== Data supplied ==

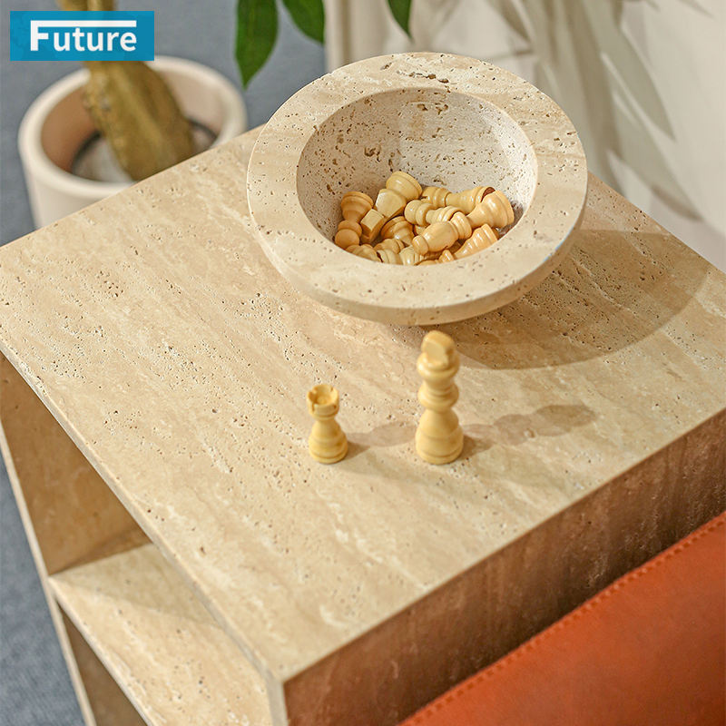 โต๊ะข้างเตียงโซฟาหินธรรมชาติขนาดเล็ก100% สีเบจ Travertine เฟอร์นิเจอร์ห้องนั่งเล่นสไตล์ Wabi
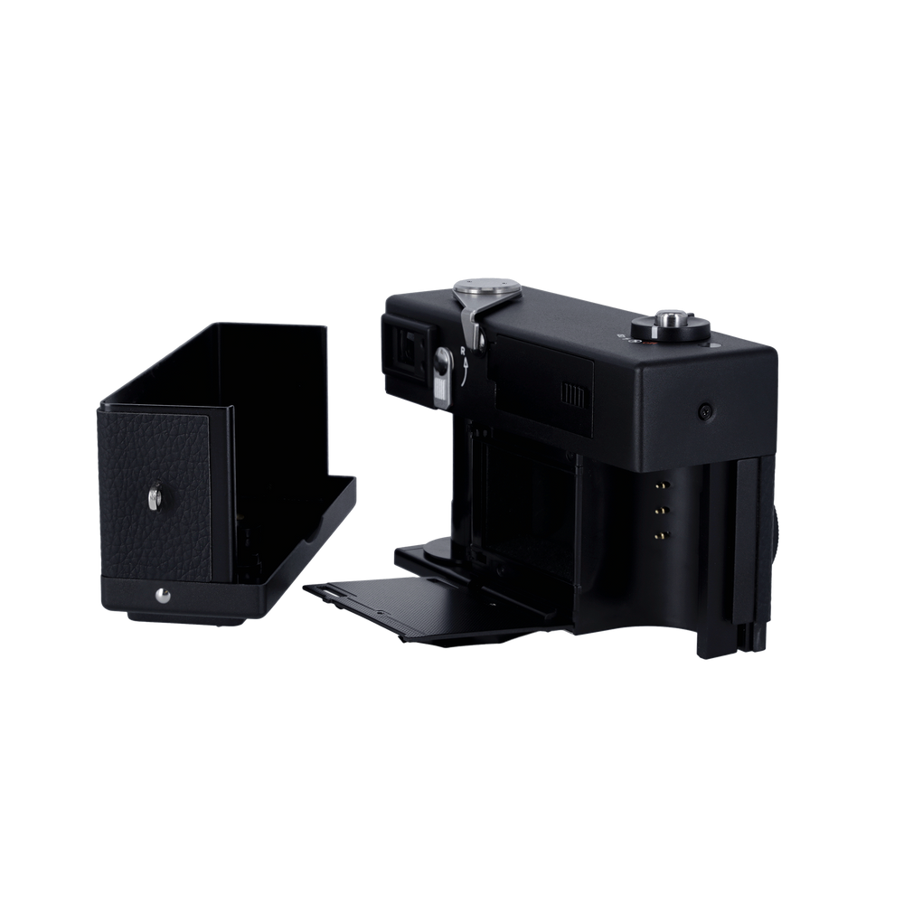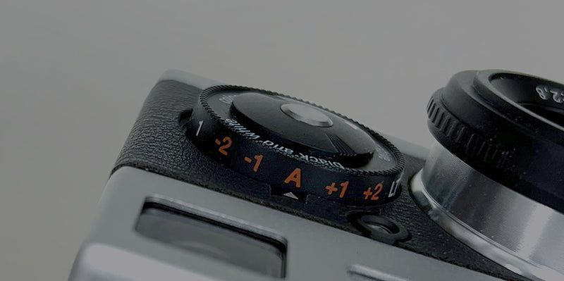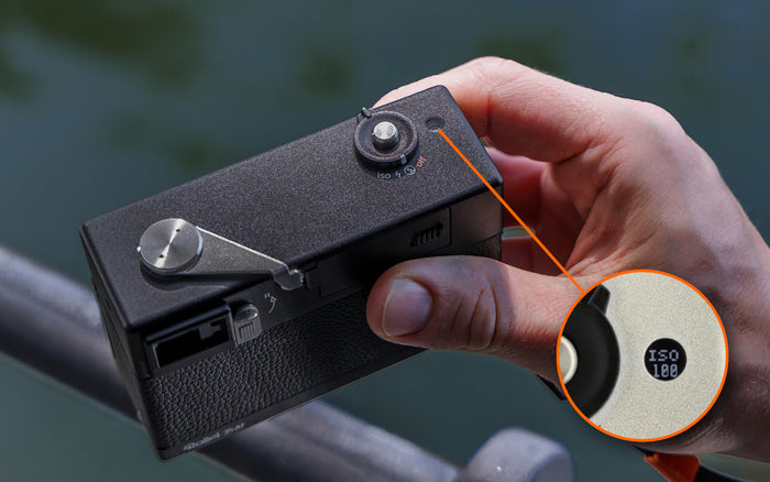 The exposure information is displayed on an OLED display, which also includes the film counter, the choice of film sensitivity and the battery display.
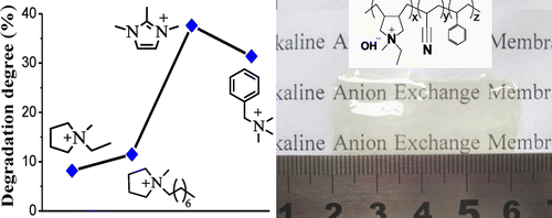 The synthesis and characterization of pyrrolidinium cation based anion exchange membranes (AEMs) are reported. Pyrrolidinium cations with various N-substituents (including methyl, ethyl, butyl, octyl, isopropyl, 2-hydroxylethyl, benzyl, and cyclohexylmethyl groups) were synthesized and investigated with respect to their chemical stability in alkaline media. The influence of substitutions on alkaline stability of pyrrolidinium cations was investigated by quantitative 1H nuclear magnetic resonance spectroscopy (NMR) and theoretical approaches. N,N-Ethylmethyl-substituted pyrrolidinium cation ([EMPy]+) exhibited the highest alkaline stability in this study. The synthesized AEMs based on [EMPy]+ show promising alkaline stability in strongly basic solution. The study of this work should provide a feasible way for improving the alkaline stability of pyrrolidinium cation based AEMs.
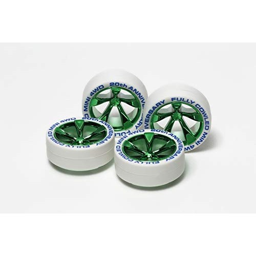 Authentic Mini 4WD parts Full cowl Mini 4WD 20th anniversary white tires & green plated wheels
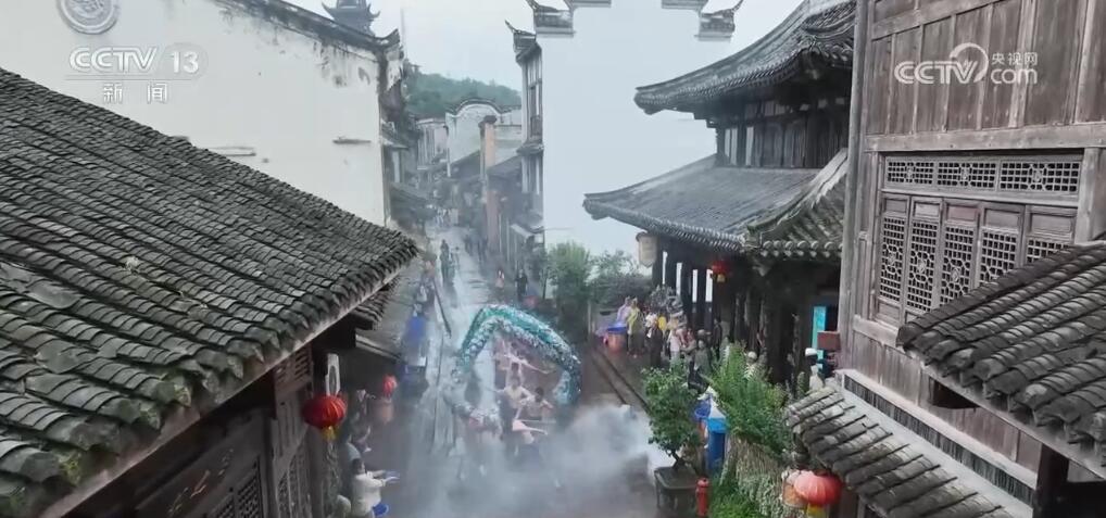 重慶市銅梁區(qū)的安居古城正在進(jìn)行端午節(jié)的非遺文化表演——水云龍。10名赤膊的漢子舞動(dòng)著一條18米的藍(lán)色水云龍,整條龍上下翻騰、左右騰挪,在兩邊明清時(shí)期的老屋之間穿行。而站在兩旁的居民和游客會(huì)拿著水瓢或者水盆,將清水潑向正在舞動(dòng)的水云龍。雖然水云龍所到之處,大家衣衫都可能打濕,但是大家都樂在其中。
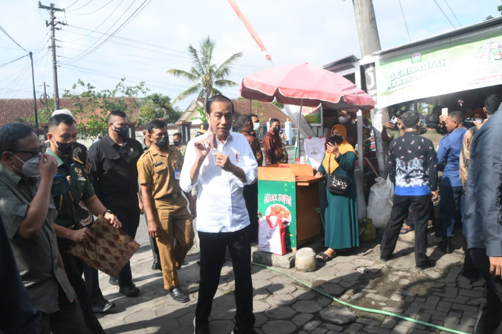 Sembari mengecek harga barang, disela sela kunjungannya Presiden turut membagikan Bantuan Langsung Tunai (BLT) dan sembako kepada para pedagang, sekaligus menyapa para masyarakat yang hadir.
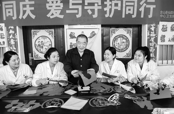 5月11日,安徽省含山县仙踪镇中心卫生院邀请市级非遗传承人洪诗成指导医务人员,以护士形象为主题创作剪纸。

===

■ **Task description**
Output the entries above exactly, without their pictures.

■ **Result of this task**
 โต๊ะข้างเตียงโซฟาหินธรรมชาติขนาดเล็ก100% สีเบจ Travertine เฟอร์นิเจอร์ห้องนั่งเล่นสไตล์ Wabi
 The exposure information is displayed on an OLED display, which also includes the film counter, the choice of film sensitivity and the battery display.
 The synthesis and characterization of pyrrolidinium cation based anion exchange membranes (AEMs) are reported. Pyrrolidinium cations with various N-substituents (including methyl, ethyl, butyl, octyl, isopropyl, 2-hydroxylethyl, benzyl, and cyclohexylmethyl groups) were synthesized and investigated with respect to their chemical stability in alkaline media. The influence of substitutions on alkaline stability of pyrrolidinium cations was investigated by quantitative 1H nuclear magnetic resonance spectroscopy (NMR) and theoretical approaches. N,N-Ethylmethyl-substituted pyrrolidinium cation ([EMPy]+) exhibited the highest alkaline stability in this study. The synthesized AEMs based on [EMPy]+ show promising alkaline stability in strongly basic solution. The study of this work should provide a feasible way for improving the alkaline stability of pyrrolidinium cation based AEMs.
 Authentic Mini 4WD parts Full cowl Mini 4WD 20th anniversary white tires & green plated wheels
 重慶市銅梁區(qū)的安居古城正在進(jìn)行端午節(jié)的非遺文化表演——水云龍。10名赤膊的漢子舞動(dòng)著一條18米的藍(lán)色水云龍,整條龍上下翻騰、左右騰挪,在兩邊明清時(shí)期的老屋之間穿行。而站在兩旁的居民和游客會(huì)拿著水瓢或者水盆,將清水潑向正在舞動(dòng)的水云龍。雖然水云龍所到之處,大家衣衫都可能打濕,但是大家都樂在其中。
 Sembari mengecek harga barang, disela sela kunjungannya Presiden turut membagikan Bantuan Langsung Tunai (BLT) dan sembako kepada para pedagang, sekaligus menyapa para masyarakat yang hadir.
 5月11日,安徽省含山县仙踪镇中心卫生院邀请市级非遗传承人洪诗成指导医务人员,以护士形象为主题创作剪纸。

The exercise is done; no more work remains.